- **Exercise brief**
Write out the data again exactly, skipping every picture.

- **Source material**
★ ★ ★ ★ ★
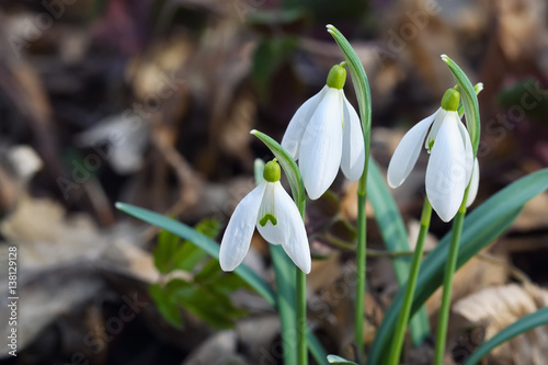 Spring snowdrop flowers blooming in sunny day
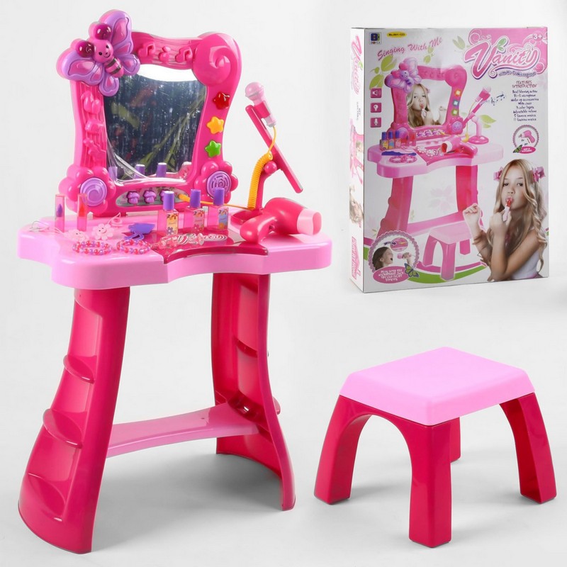 Конструкция трюмо сочетает в себе все необходимое, чтобы с самого утра, юная модница, почувствовала себя настоящей звездой, которая готовится к самому важно выступлению - у себя дома! Трюмо оборудовано эффектным микрофоном, встроенным динамиком, различными музыкальными композициями и конечно же набором для создания причесок, маникюра и легкого, дневного макияжа.
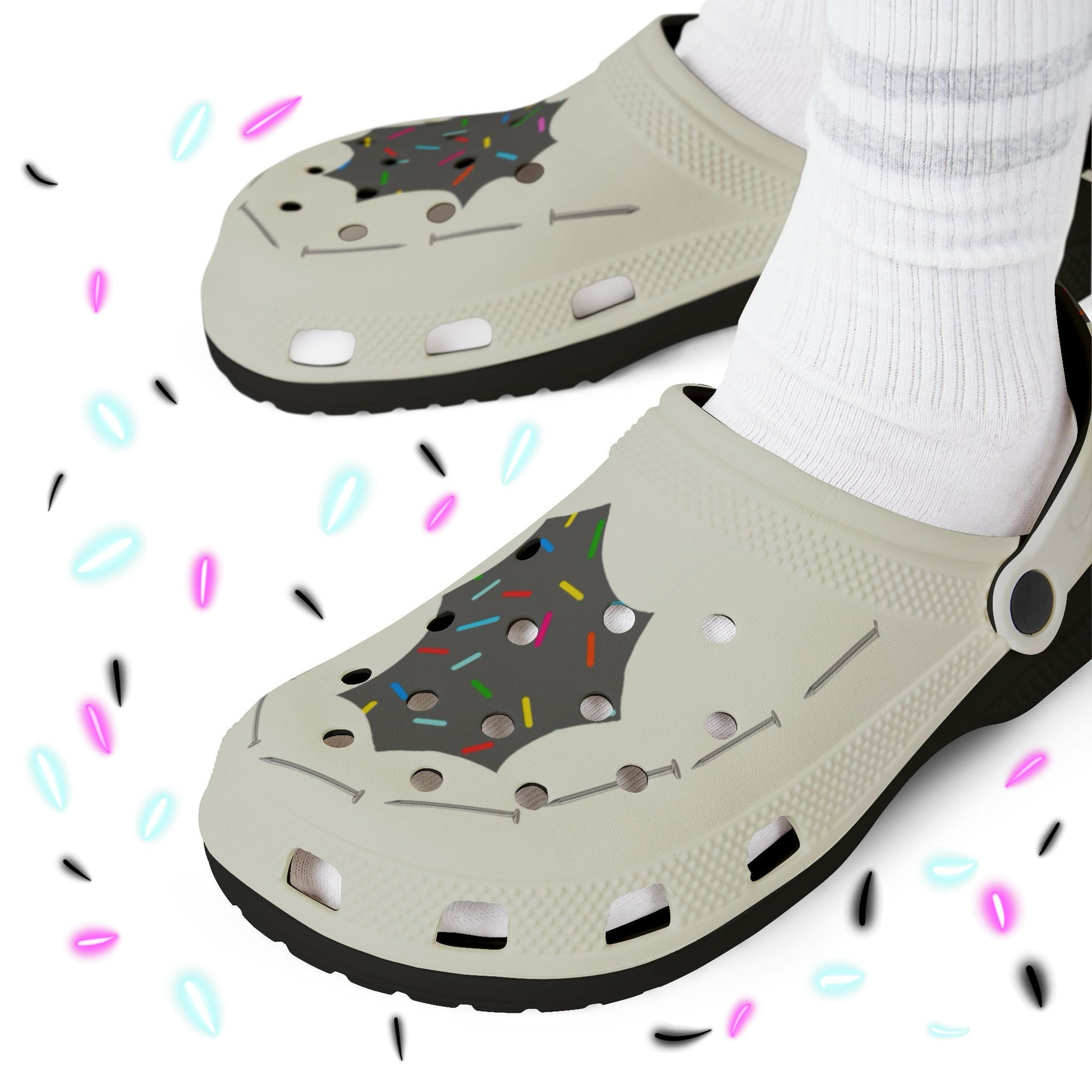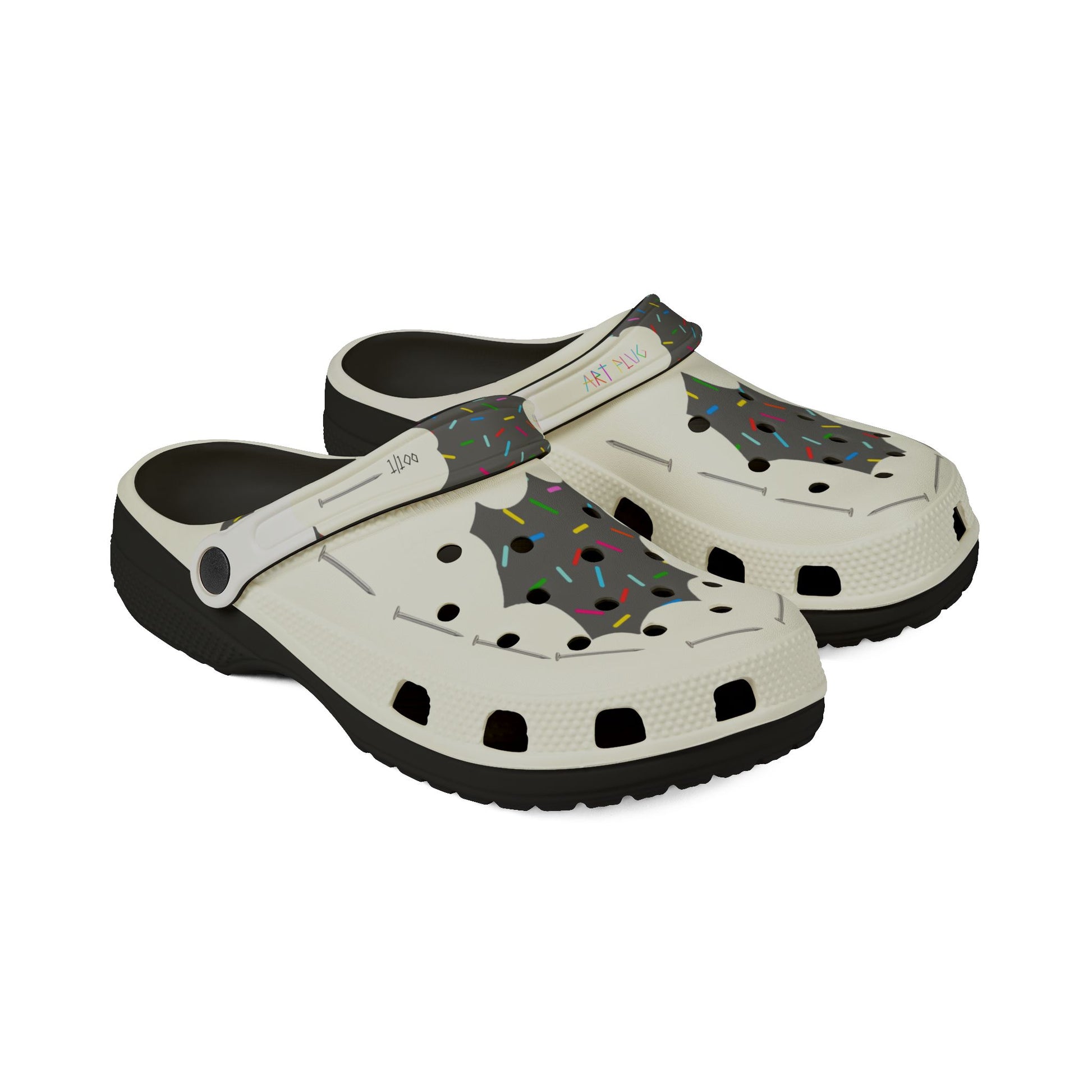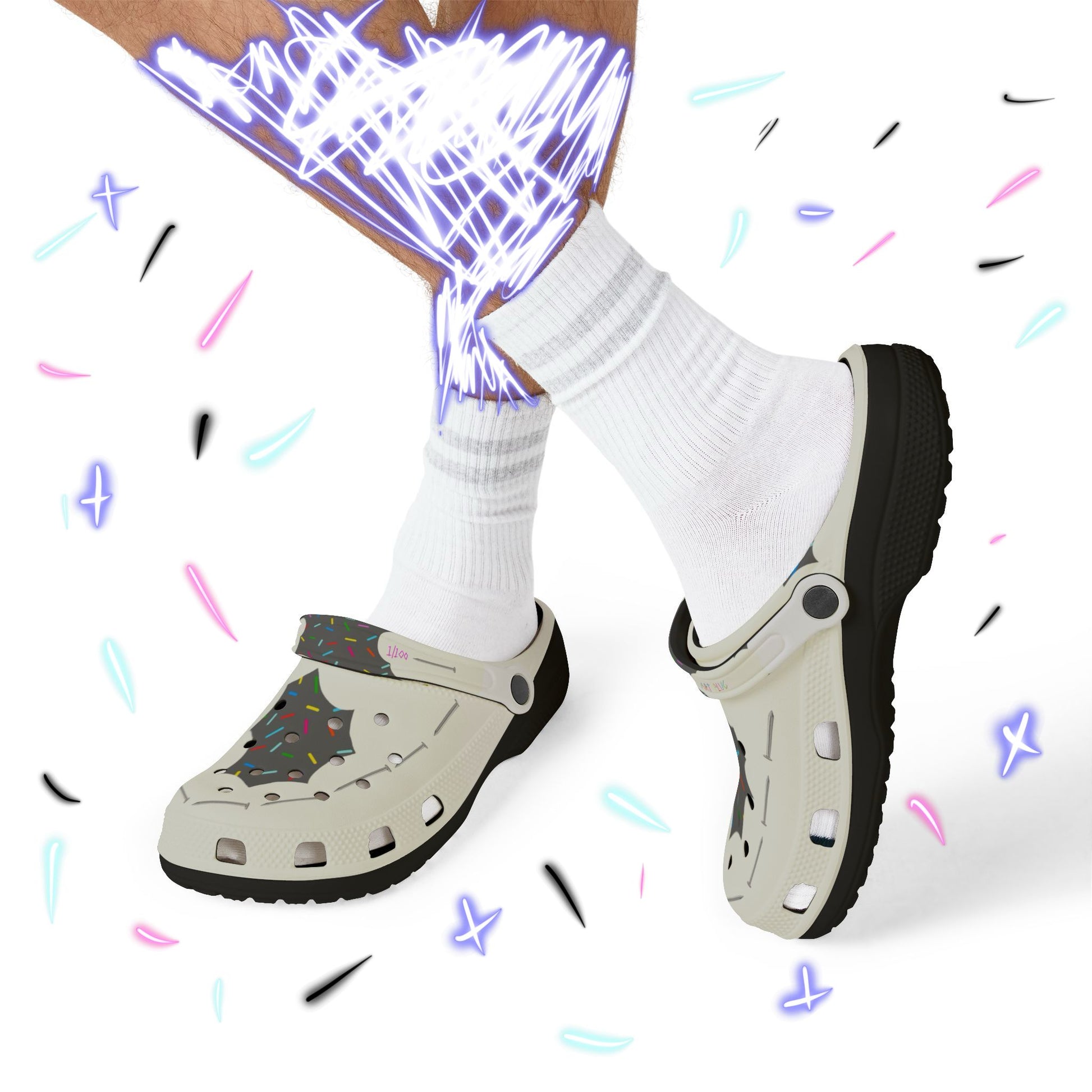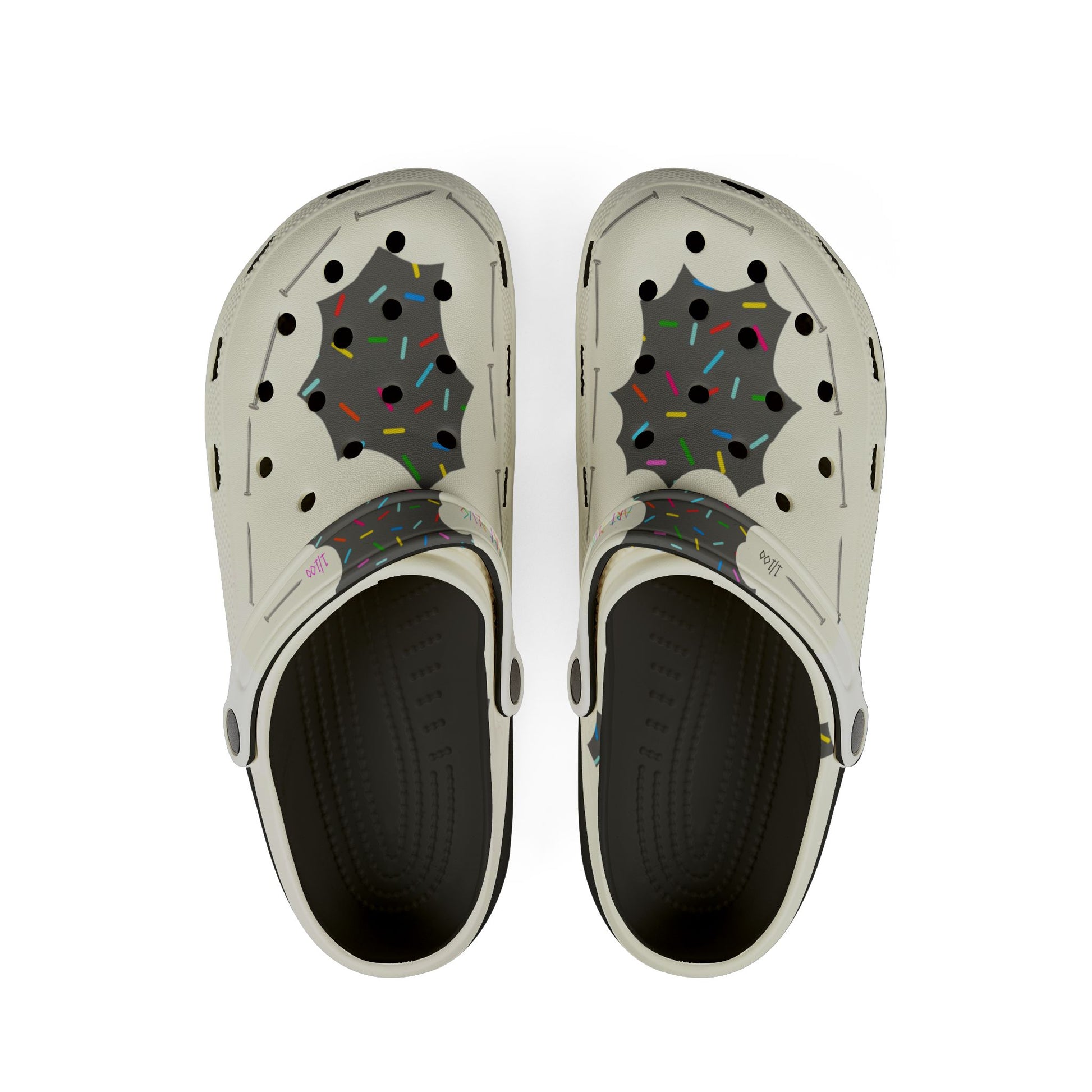 Filed within the Sprinkled family, the "Deadly Desert" EVA Foam Shoes replace sugar tones with grey and shadow. The print suggests dunes under nightfall, a terrain of drifting particles that resemble both sand and ash. The surface reads like a record of a barren yet beautiful landscape.
★ ★ ★ ★ ★
- **Task answer**
 Spring snowdrop flowers blooming in sunny day
 Конструкция трюмо сочетает в себе все необходимое, чтобы с самого утра, юная модница, почувствовала себя настоящей звездой, которая готовится к самому важно выступлению - у себя дома! Трюмо оборудовано эффектным микрофоном, встроенным динамиком, различными музыкальными композициями и конечно же набором для создания причесок, маникюра и легкого, дневного макияжа.
 Filed within the Sprinkled family, the "Deadly Desert" EVA Foam Shoes replace sugar tones with grey and shadow. The print suggests dunes under nightfall, a terrain of drifting particles that resemble both sand and ash. The surface reads like a record of a barren yet beautiful landscape.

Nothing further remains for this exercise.